MATERIAL PROVIDED Block Start
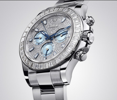 蠔式恒動(dòng)宇宙計(jì)型迪通拿鑲鉆腕表,將氣派顯貴的950鉑金與品質(zhì)純凈的閃爍鉆石巧妙融合。除了冰藍(lán)色計(jì)時(shí)盤(pán),整個(gè)表面密鑲鉆石。這表面顏色僅勞力士鉑金腕表所獨(dú)有。華麗奪目的外圈鑲有36顆方形切割鉆石。
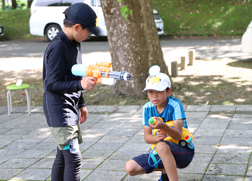 子どもたちは自分の好きなマイ水鉄砲を選んで対戦に挑んだ。
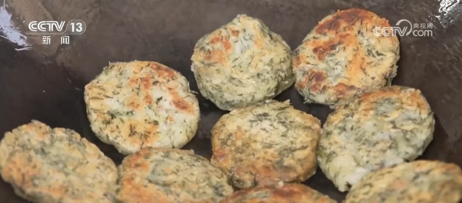 做蒿子粑,選料是第一步。早上新鮮采摘的蒿子清香撲鼻,清洗后焯一下水就能去除它的苦澀味。熬煮好的臘肉蒿子湯倒入糯米和秈米混合的米粉中,揉搓成小團(tuán)再壓扁。起鍋燒油煎至雙面酥黃,蒿子粑就做好了。在桐城市,蒿子粑還走進(jìn)工廠,進(jìn)行規(guī)?;a(chǎn),通過(guò)直播進(jìn)行線上銷售,深受消費(fèi)者喜愛。
MATERIAL PROVIDED Block End
TASK STATEMENT ▸
All of the material must be repeated exactly in the answer, apart from the pictures.

YOUR RESPONSE ▸
 蠔式恒動(dòng)宇宙計(jì)型迪通拿鑲鉆腕表,將氣派顯貴的950鉑金與品質(zhì)純凈的閃爍鉆石巧妙融合。除了冰藍(lán)色計(jì)時(shí)盤(pán),整個(gè)表面密鑲鉆石。這表面顏色僅勞力士鉑金腕表所獨(dú)有。華麗奪目的外圈鑲有36顆方形切割鉆石。
 子どもたちは自分の好きなマイ水鉄砲を選んで対戦に挑んだ。
 做蒿子粑,選料是第一步。早上新鮮采摘的蒿子清香撲鼻,清洗后焯一下水就能去除它的苦澀味。熬煮好的臘肉蒿子湯倒入糯米和秈米混合的米粉中,揉搓成小團(tuán)再壓扁。起鍋燒油煎至雙面酥黃,蒿子粑就做好了。在桐城市,蒿子粑還走進(jìn)工廠,進(jìn)行規(guī)?;a(chǎn),通過(guò)直播進(jìn)行線上銷售,深受消費(fèi)者喜愛。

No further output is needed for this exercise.